To realise its ambitions for the economy, government is mooting a set of concrete economic proposals, called the Acce-lerated and Shared Growth Initiative (ASGI), underpinned by investment of R370 billion in infrastructure over the next three years.

This money will be spent on expanding the infrastructure of SA`s state-owned enterprises (SOEs), leveraging their assets and implementing special provincial projects.

One area targeted under this national SOE programme is ICT infrastructure, and broadband - or high-speed - Internet infrastructure in particular, in what most would argue is a move long overdue.

Just consider a recent report in Australia estimating that increased broadband penetration would lift the country`s GDP by between 0.5 and 2.5%.

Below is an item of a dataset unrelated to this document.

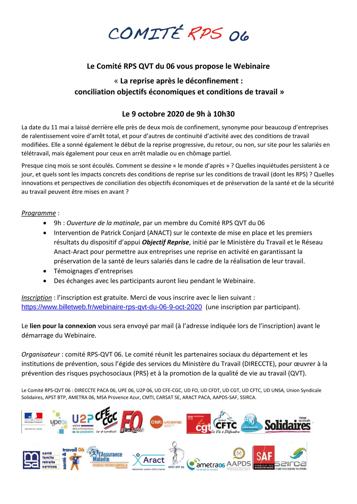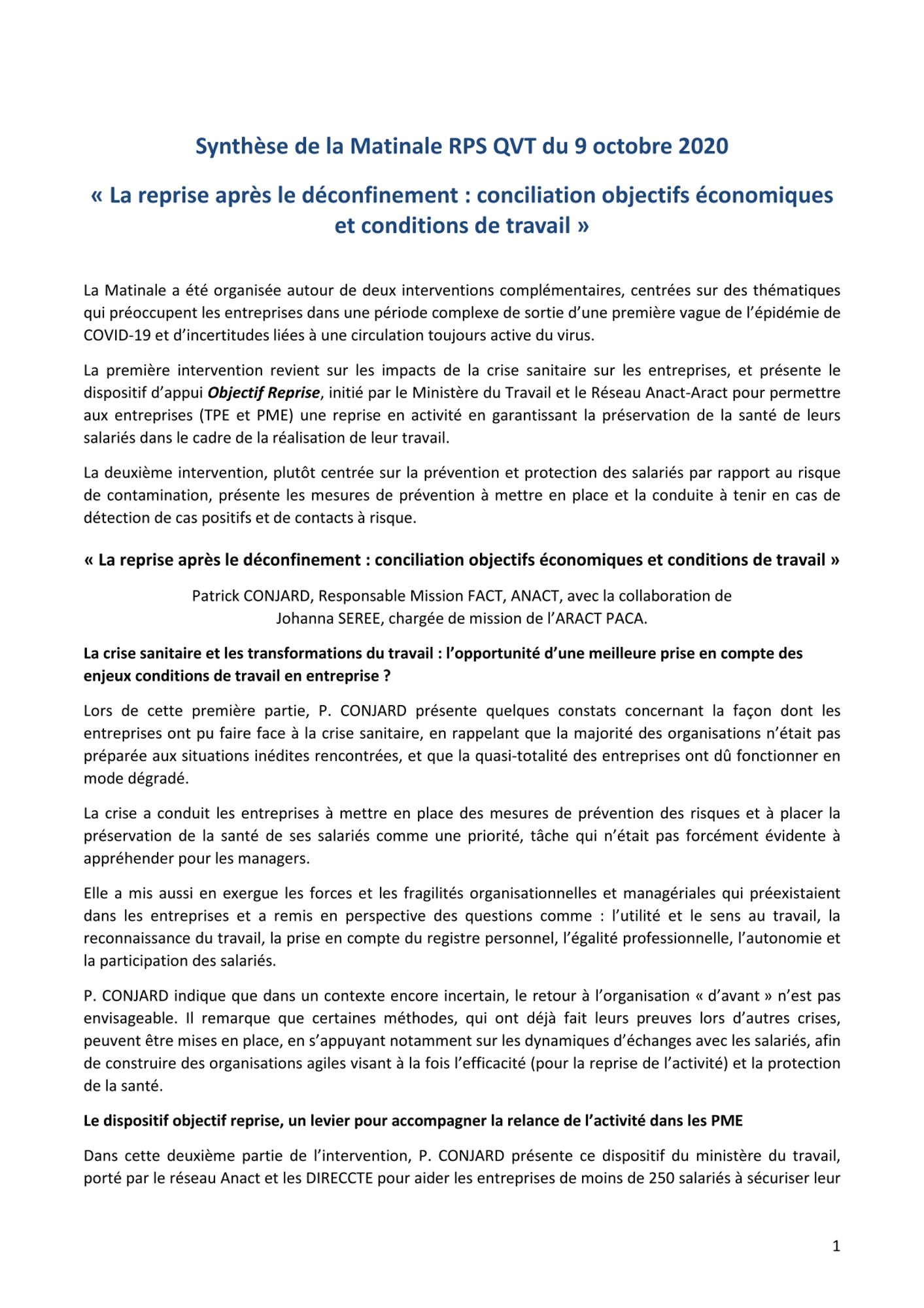 Presque cinq mois se sont écoulés. Comment se dessine « le monde d’après » ? Quelles inquiétudes persistent à ce jour, et quels sont les impacts concrets des conditions de reprise sur les conditions de travail (dont les RPS) ? Quelles innovations et perspectives de conciliation des objectifs économiques et de préservation de la santé et de la sécurité au travail peuvent être mises en avant ?

The has not been forthcoming in the exact details of ICT spend or projects, insisting (rightly) that it`s the President`s prerogative to announce them in his State of the Nation address, which followed this article going to print. Let`s hope he does.

What we do know is that SA`s powerlines already have fibre-optic cables with the capacity for high-speed and relatively cheap transmission of signals. In addition, global astronomy partnerships could create more opportunities for expanding access to broadband ICT infrastructure. And SA is involved in the $200 million Eastern Africa Submarine Cable System (EASSy) that will run from Mtunzini in SA to Port Sudan. The undersea cable promises to lower the cost of international connectivity for many African operators and provide faster bandwidth at a price that most African consumers can afford.

Trade and Industry Minister indicated in November that the Department of Communications "is facilitating broadband technology for the needs of the first and second economies". He also reported that a benchmark study on best-in-class practice and a stakeholder discussion paper on broadband policy are in the process of being developed. A programme to modernise infrastructure is also being initiated, said Mpahlwa.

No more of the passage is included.